13. The system of claim 1, the operations further comprising:

computing a blood pressure reading as a function of the difference between the first phase shift value and the second phase shift value.

14. The system of claim 1, the operations further comprising:

selecting the first phase shift value based on a mode of measurements taken over a period of time.

15. The system of claim 1, wherein the plurality of sensors comprises a first sensor fastened to a first appendage of the user and a second sensor fastened to a second appendage of the user.

16. The system of claim 1, wherein the first appendage is the user's left wrist and the second appendage is the user's right wrist.

17. The system of claim 1, wherein the plurality of sensors are configured to obtain a plurality of photoplethysmograms.

18. The system of claim 1, wherein detecting the change in blood pressure is performed by a particular sensor from the plurality of sensors.

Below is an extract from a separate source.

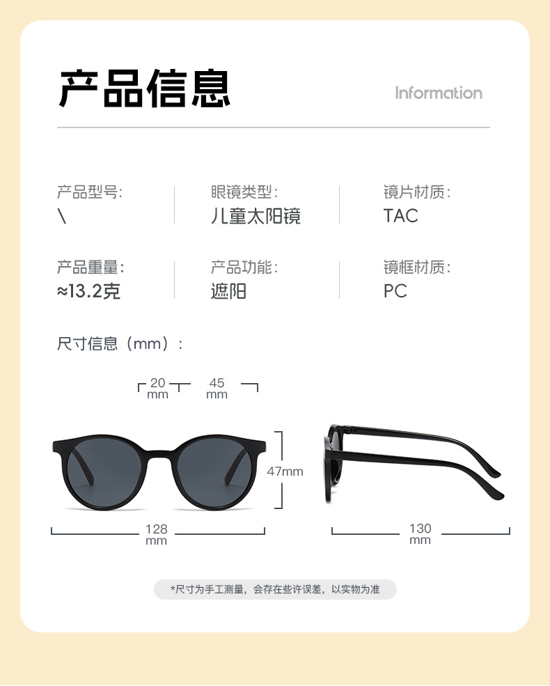镜片材质: PC 是否偏光: 否 镜框材质: PC 品牌: 其他 抗UV等级: UV400 眼镜款式: 圆框 眼镜结构: 全框 是否支持近视镜: 否 上市年份/季节: 2025年春季 是否跨境出口专供货源: 是 货号: C09 镜架颜色: 黑框,实白框,米粉框,酒红框,果冻茶 流行元素: -1 产地: 台州 风格分类: 清新甜美 适用性别: 儿童 透射比分类: 3类/遮阳镜 镜架材质: PC 流行元素分类: 生活用品 重量: 0.5 kg/副

19. A non-transitory computer readable medium comprising instructions which, when executed by one or more hardware processors, cause performance of operations comprising:

monitoring a user using each of a plurality of sensors;

computing a first phase shift value between a first set of at least two measurements by two respective sensors from the plurality of sensors;

computing a second phase shift value between a second set of at least two measurements by the two respective sensors from the plurality of sensors;

computing a difference between the first phase shift value and the second phase shift value; and

detecting a change in blood pressure, based at least in part on the difference between the first phase shift value and the second phase shift value.

20. A method comprising:

monitoring a user using each of a plurality of sensors;

computing a first phase shift value between a first set of at least two measurements by two respective sensors from the plurality of sensors;

computing a second phase shift value between a second set of at least two measurements by the two respective sensors from the plurality of sensors;

computing a difference between the first phase shift value and the second phase shift value; and

detecting a change in blood pressure, based at least in part on the difference between the first phase shift value and the second phase shift value,

wherein the method is performed by at least one device comprising a hardware processor.